She followed Mark to the back of the movie theater and settled into her seat. On-screen, Technicolor had just enlivened the world of Oz. Kiki and Mark sat a few rows behind Franklin and his favorite groupie, Lizzie. They were making out energetically. Mark glanced at Kiki, who gave him a little nod. He flicked a piece of popcorn at Franklin's head.
Franklin didn't notice, so Mark threw a few more. The man sitting in a row between him and Franklin didn't seem to mind; he was already shielding his ten-year-old's eyes from Franklin and Lizzie's spectacle. But when a couple of pieces hit Lizzie, it was her turn to jump to her feet.
Mark and Kiki ducked, but it didn't help. Lizzie threw her entire bag of popcorn in their general direction.
“You four: out!” hissed an usher, waving his flashlight at them. They slunk out in embarrassment, Kiki clutching her bucket of popcorn to her chest as if it was a teddy bear. As soon as they hit the pavement outside the Belcourt, the contents of the bucket hit Lizzie and Franklin.
“You guys suck!” Lizzie wailed, running down the street.

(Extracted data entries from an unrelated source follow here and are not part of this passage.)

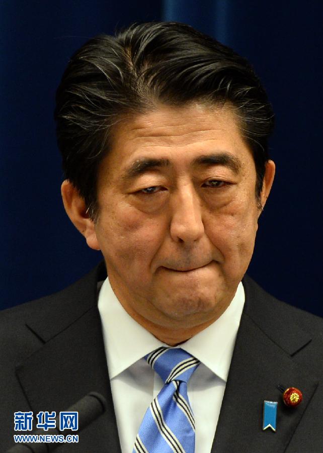 11月18日,在日本东京首相官邸,日本首相安倍晋三向记者发表讲话。 日本首相安倍晋三18日晚宣布,将于21日解散众议院并提前举行大选。新华社记者马平摄
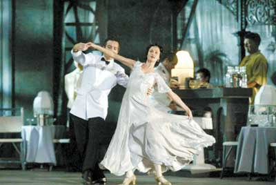 演出的開場很新鮮,一面虛擬的大幕徐徐拉開,巨大的銀幕上出現(xiàn)了當年那部老電影《卡薩布蘭卡》的片頭,黑白鏡頭將觀眾帶回到半個世紀前發(fā)生一段浪漫故事的卡薩布蘭卡。因為是首次合成排練,多數(shù)演員沒有穿演出服。盡管如此,演員們的精彩表演還是贏得了在場記者的掌聲。(張學軍)
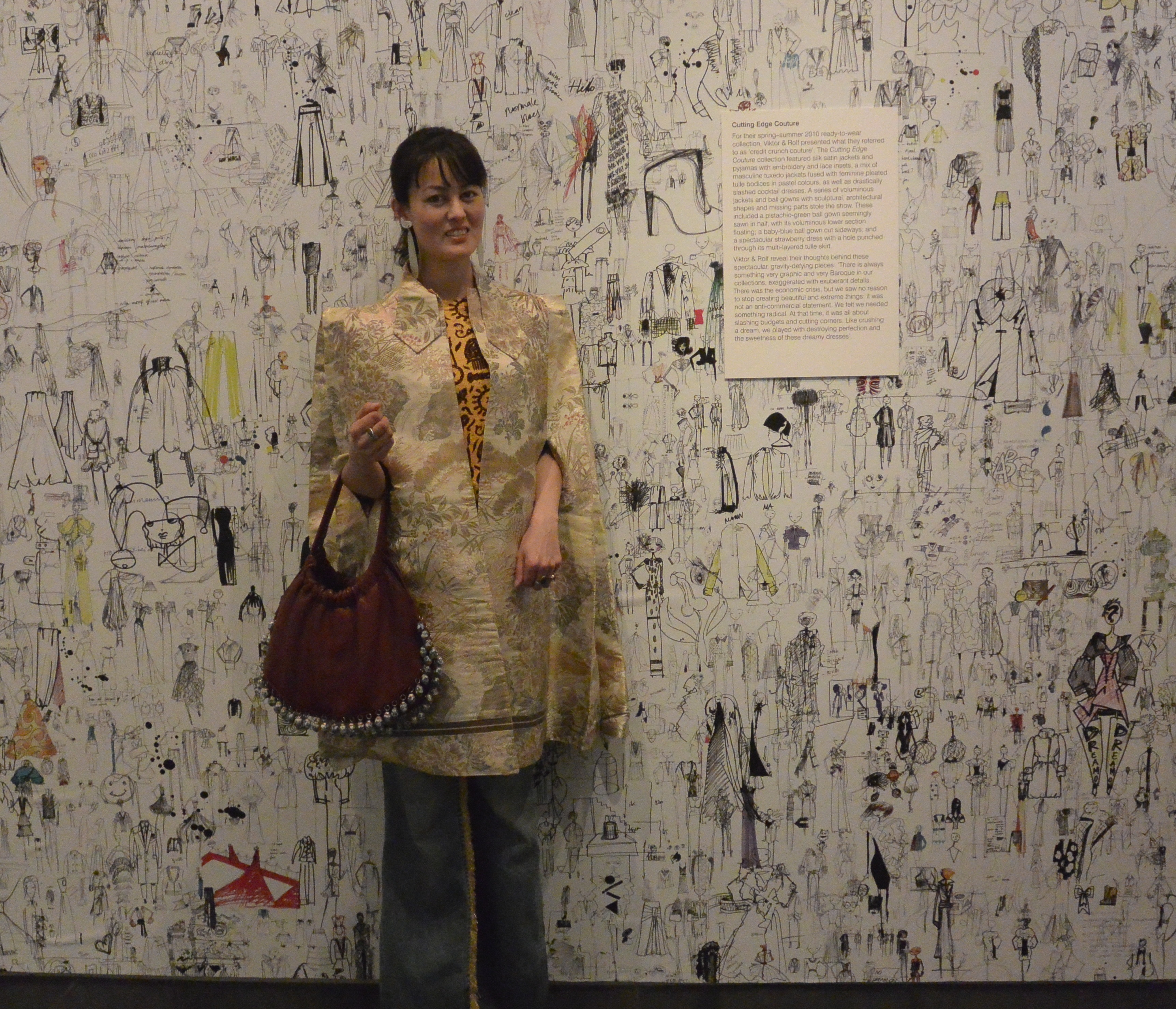Wearing the Japanese cape I found at the Salvos, plus Japanese ex-boyfriend’s jeans that he made with tinsel on the inseam. In the several years we were together, I never saw him cry – until, post-breakup, we went to a Viktor & Rolf exhibition in Tokyo and I saw him sneakily wiping away tears because he was so moved! So I wore his jeans so that through them, he could kind of be in the presence of Viktor & Rolf themselves.
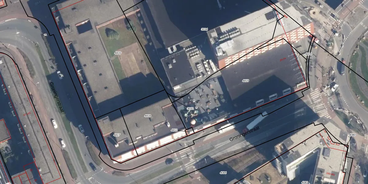 Het perceel waarop Groningerstraat 66 staat heeft een oppervlakte van 3565 m². Dit is een zeer groot perceel. De perceeloppervlakte wordt geregistreerd door het Kadaster. Gedetailleerde informatie over de maten van dit perceel kunt u vinden in het rapport Kadastrale kaart met maatvoering van Groningerstraat 66.
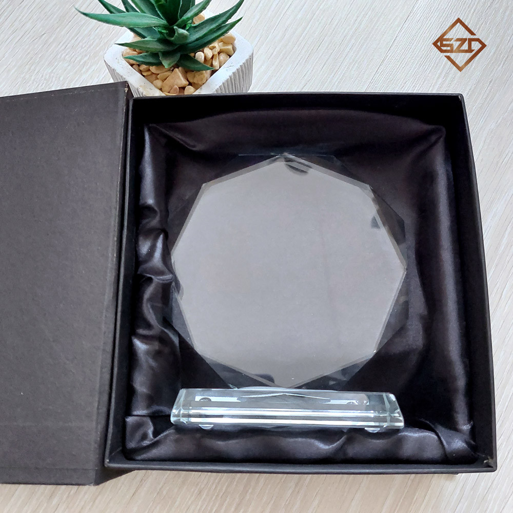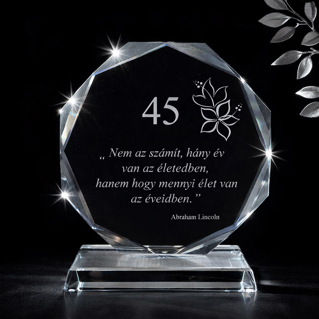 Ez az exkluzív kristálydísz díszdobozban igazi különlegesség: a 15 cm magas, csiszolt kristály tiszta felülete és mély csillogása prémium hatást kelt, miközben egy személyes üzenet, idézet vagy név gravírozásával valódi emlékké válik.

“What are you going to do to defend your girlfriend?” Mark teased Franklin, who was red-faced with a combination of anger and amusement. “Challenge us to pistols at dawn?”
“Super Soakers at Jamie's party tonight,” Franklin declared. “After practice.” He spun on his heel and chased after Lizzie.

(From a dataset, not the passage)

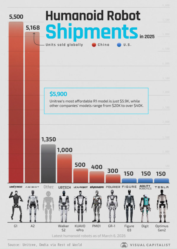 從企業(yè)出貨量份額來(lái)看,中國(guó)企業(yè)表現(xiàn)突出。根據(jù)中國(guó)電子報(bào)發(fā)布的《2025年人形機(jī)器人市場(chǎng)研究報(bào)告》,宇樹(shù)科技(Unitree)出貨量和市場(chǎng)份額在全球排名第一,2025年出貨量超過(guò)5500臺(tái)。此外,宇樹(shù)科技的產(chǎn)品在技術(shù)上也位居世界前列,價(jià)格也相對(duì)親民。例如,其最便宜的R1型號(hào)售價(jià)僅為5900美元,而該公司還出售售價(jià)1600美元的機(jī)器狗。
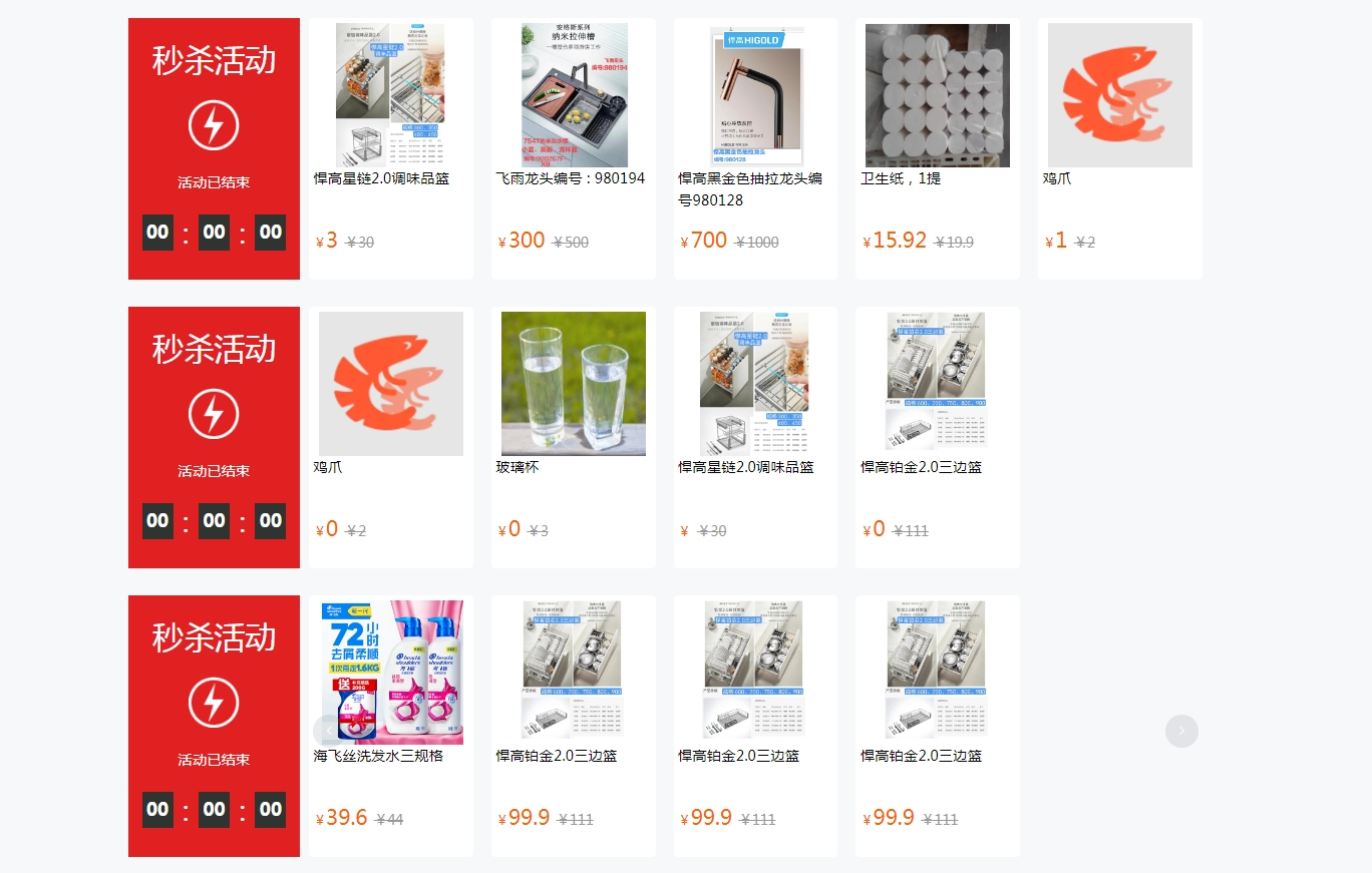 限时秒杀活动按期展示促销商品,而其它类型的店铺活动也拥有聚合页面,方便购买者找到价优商品。

“You're on,” Kiki called after him. It wouldn't be the first time they had chased each other through the woods with water guns, and it wouldn't be the last. She and Mark wandered up the street, back to his car, their hands not quite touching.
“You know, we really do make a good team,” Mark said once they had climbed into the Karmann Ghia.
“Yes, Mark. I do know.”
Then, because there would never be a better moment, Kiki kissed him, gently, sweetly, on the lips.

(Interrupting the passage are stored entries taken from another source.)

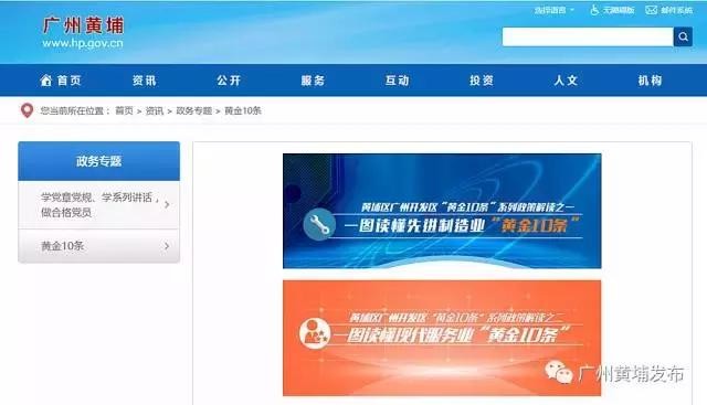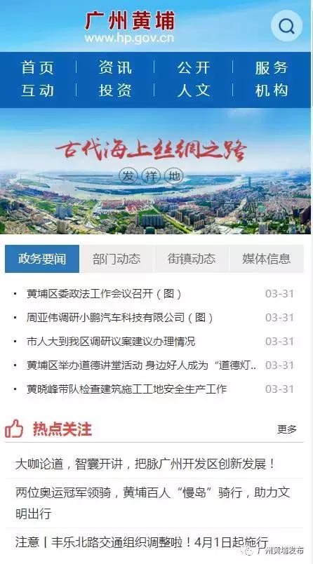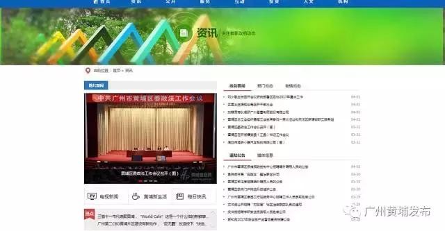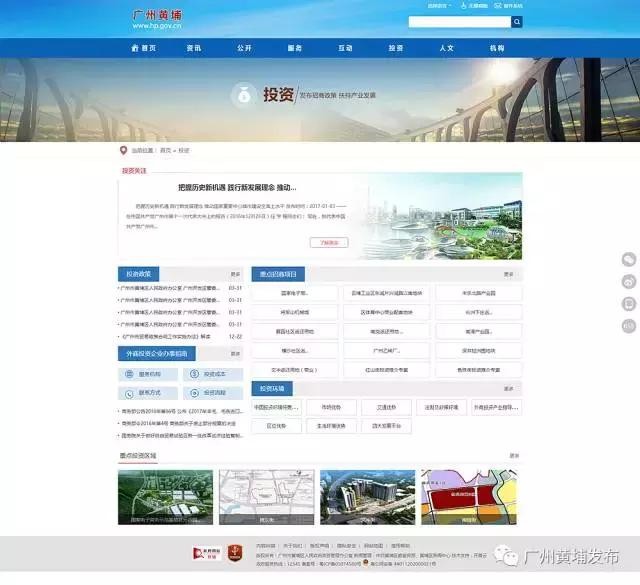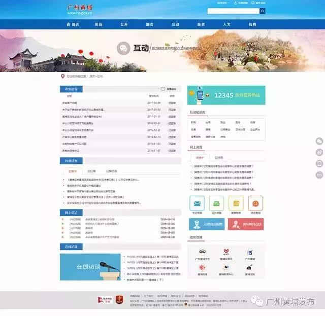 三幅形象图开幕后,网站首页主体部分升起,公众在首页通过切换热点关注、政务公开、办事服务、互动交流、投资黄埔五个页签就可以了解全站重点内容。
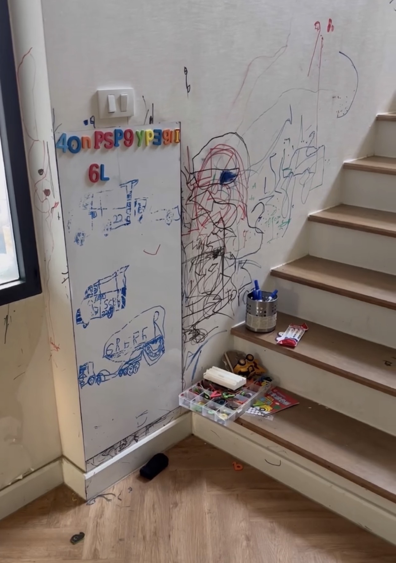 [อวดผนังบ้าน] บ้านคนอื่นติดวอลเปเปอร์ บ้านเราติด…ผลงานศิลปินตัวน้อย 🎨😂
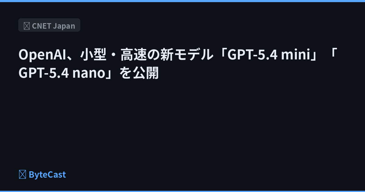 OpenAIは米国時間3月17日、最新AIモデル「GPT-5.4 mini」「GPT-5.4 nano」を公開した。3月に入って登場した「GPT-5.4」の小型かつ高速なバージョンだ。
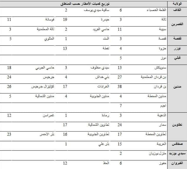 نشر المعهد الوطني للرصد الجوي القائمة النهائية لكميات الأمطار المسجلة خلال ال24 ساعة الفارطة.
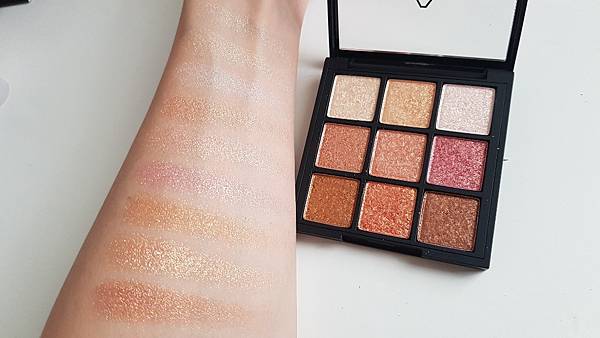 官網特價8折入手,覺得得意又划算,這盤沒有最深的顏色,也沒有可以打底的淺色,我曾經硬用畫眼妝,結果好拋喔!所以還是只能當搭配、疊加來使用,亮片色真的很漂亮,一次九個,還是很划算。

“Why didn't you do that six months ago?” he asked her, pulling away.
“Why didn't you?” She kept her voice light, but her question was serious.
“Because you're my best friend.” His eyes were just as serious. “You've got Jasmine and Camille and all. I have Franklin. I couldn't just say, ‘Hey, let's get it on.' What if you said no? Everything would be screwed up.”
“You don't think things have been more than a little screwed up lately? Like when you asked if Jasmine was free?”
“I was going to ask you out.
Out
out, I mean. But then, when the moment came, I froze. I just asked the first question that came into my mind. I had some idea that Jasmine could tell me whether you were interested, but mostly I was just afraid.”
Kiki wanted to be angry with him, but, in the end, it was fear that had kept her from asking him out. Fear that he would reject her, fear that the rejection would kill their friendship. And it cheered her to know that their friendship meant just as much to him as it did to her.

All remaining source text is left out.